In 2023, Pennsylvania’s Commonwealth Court issued a landmark ruling finding the state’s education funding formula unconstitutional. Pennsylvania’s school finance system has led to some of the most pronounced funding inequities in the nation; however, it is one of the higher- spending states in the country, meaning it has ample funds to reallocate in service of funding and resource equity (Blagg, Gutierrez, & Terrones, 2022; Farrie & Sciarra, 2022).
In this case study, we use document analysis and interviews to explore the political and power dynamics involved in implementing Pennsylvania’s SFR. Our document analysis includes more than 43 pieces of media from newspapers and radio stations that discuss the Pennsylvania State Assembly’s response to this ruling.

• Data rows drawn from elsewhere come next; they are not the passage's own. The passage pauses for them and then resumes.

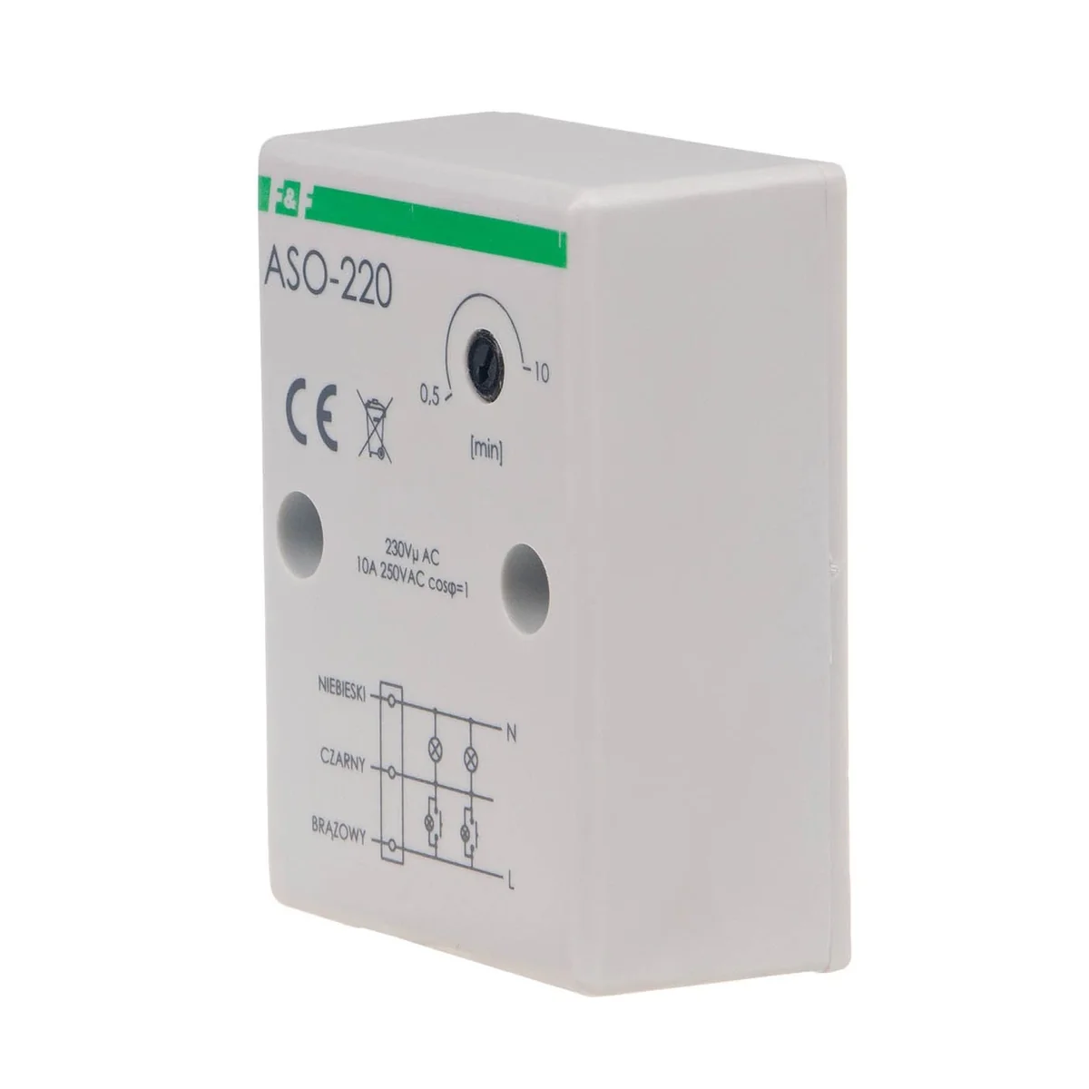 The staircase timer activated with a momentary (bell) switch maintains the lighting for the set time (from 0.5 minutes to 10 minutes). After the set time has elapsed, the automatic device will turn off the lighting automatically. After turning off the lighting, we can turn it on again.
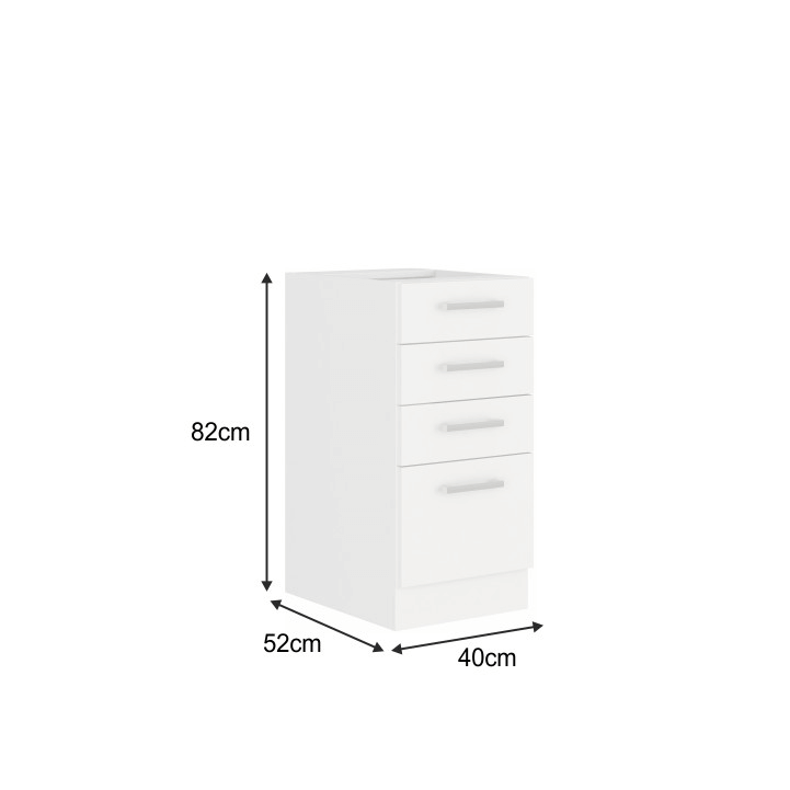 Spodná skrinka Split 40 D 4S BBMateriál: DTD laminovanáFarba: bielaRozmery (ŠxHxV): 40x52x82 cmDodávané v demonteSpodné skrinky sú dodávané vrátane dolnej lišty. Pracovná doska nie je súčasťou skriniek. Je možné si doobjednať pracovnú dosku v prevedení dub lancelot za 55 eur/bm. Možnosť dokúpenia univerzálneho Ľ/P drezu LAY ON.
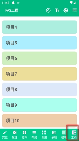 6、点击底部工具栏的“工程”按钮,进入工程管理界面,这里以列表形式展示了您创建的所有项目。
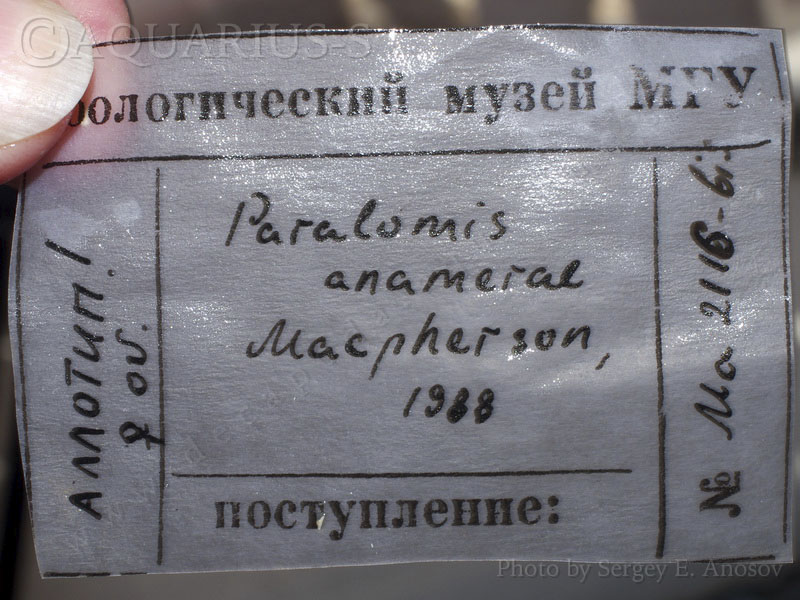 Субантарктический каменный крабоид. Этикетка. Аллотип. Колл. Зоол. Музея МГУ. рег. № MA2116-6i5 |
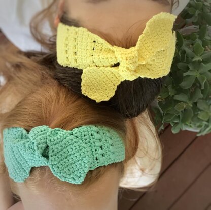 The Sweet Summer Headband is made from a light cotton, superfine or fingering weight yarn.
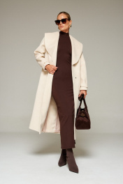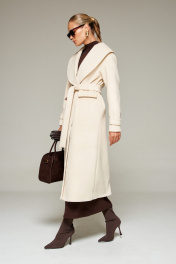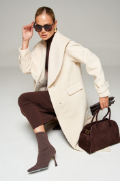 Демисезонное пальто прямого силуэта для тех, кто любит комфорт и лаконичность. Это сочетание стиля, современных материалов и безупречного кроя. Лёгкое, удобное и уютное пальто подходит для любого случая выхода. Пальто выполнено из шерстяной ткани, которая обеспечивает теплоизоляцию и защиту от ветра и влаги, подходит для межсезонья и теплой зимы. Однобортное, на подкладке. Изделие рассчитано на температурный режим от +10 до -5 градусов. Модель прямого силуэта, базового кроя с удлиненной линией плеча; предназначена для повседневного использования. Передняя часть цельнокроеная, с двумя функциональными прорезными карманами с клапаном. Под воротником расположена вытачка. Спинка с центральным швом. Для удобства динамики внизу изделия расположена высокая складка. Рукав длинный, одношовный, рубашечного типа с вытачкой. Снизу рукава расположена пата с фиксацией на кнопке. Застёжка смещенная на две потайные крупные кнопки. Воротник широкий типа «шаль». Низ изделия ровный. Подкладка гладкая. К изделию прилагается пояс-завязка.
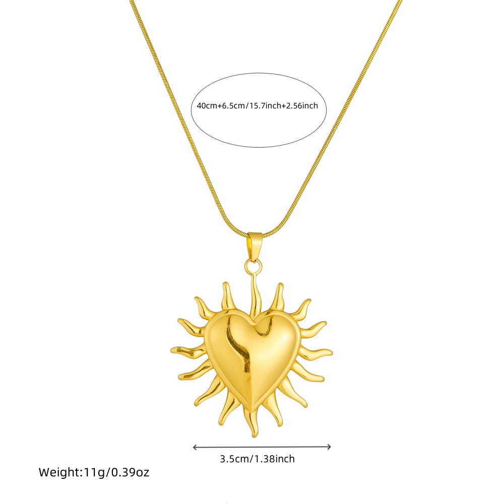 New fashion glossy gold-plated stainless steel sun heart pendant, unique and creative jewelry necklace
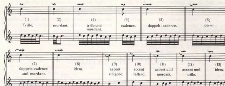 彈奏巴洛克時期裝飾音有很多具體的規則,比如:
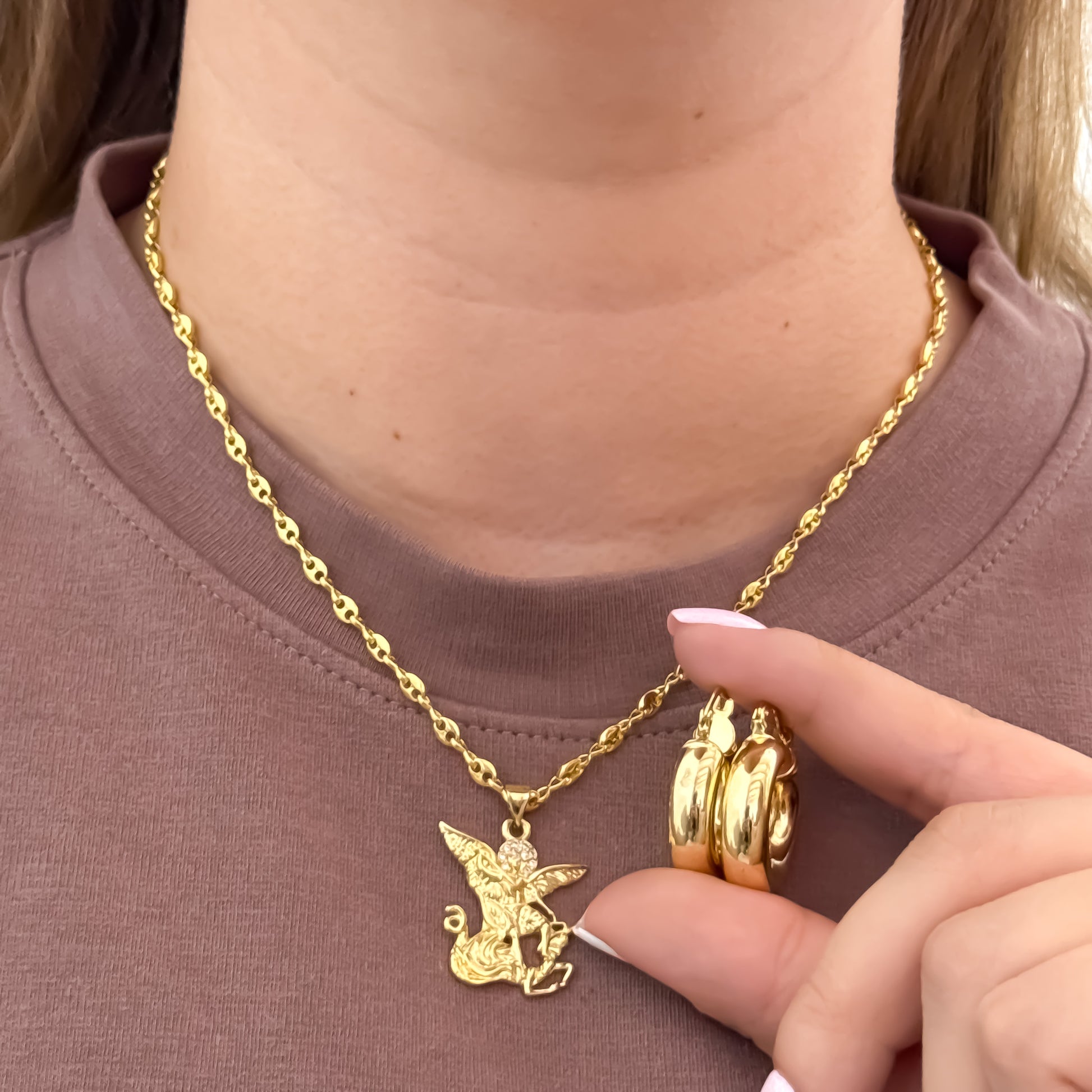 Cadena Tejido Gucci de Dama de 45cm de 3mm + San Miguel Arcangel + Candonga Tubular en Oro laminado 18k con Garantia de por vida

We reviewed these documents with an eye toward the issues politicians consider when undertaking a major revision to education funding and how these issues interact with partisan objectives. Also, we conducted interviews with 14 key actors and stakeholders about education budget negotiations. We sought to elicit participants’ views on the court order, priorities for funding allocation under the court order, changes in their views and expectations during litigation and legislative negotiations, and considerations of partisan objectives. Interviewees included policymakers and staffers in the General Assembly, members of the Basic Education Funding Commission, and superintendents.
Our analysis of traditional media reveals distinct partisan framing around Pennsylvania’s court-ordered school funding reform. Democratic legislators cited values of equity and fair opportunity while Republican legislators cited concerns about whether additional funding would yield commensurate results and expressed ideological opposition to certain provisions raised during negotiations. For instance, some Republicans framed provisions such as free feminine hygiene products in schools as overreach. Our interviews found that policymakers were cautiously optimistic that bipartisan support for funding increases would continue. One state representative and former school board member described that their initial relief at the court’s decision quickly shifted to focus on the potential challenges of implementing the seven-year plan. These findings suggest that while there is broad support for reform, ideological differences will shape how Pennsylvania SFR moves forward.
We show some of the ways that school funding negotiations are shaped by legislators’ ideological and party positions, and how tenuous consensus can be given changing political priorities. These findings shed light on ways that power and politics shape education finance reform.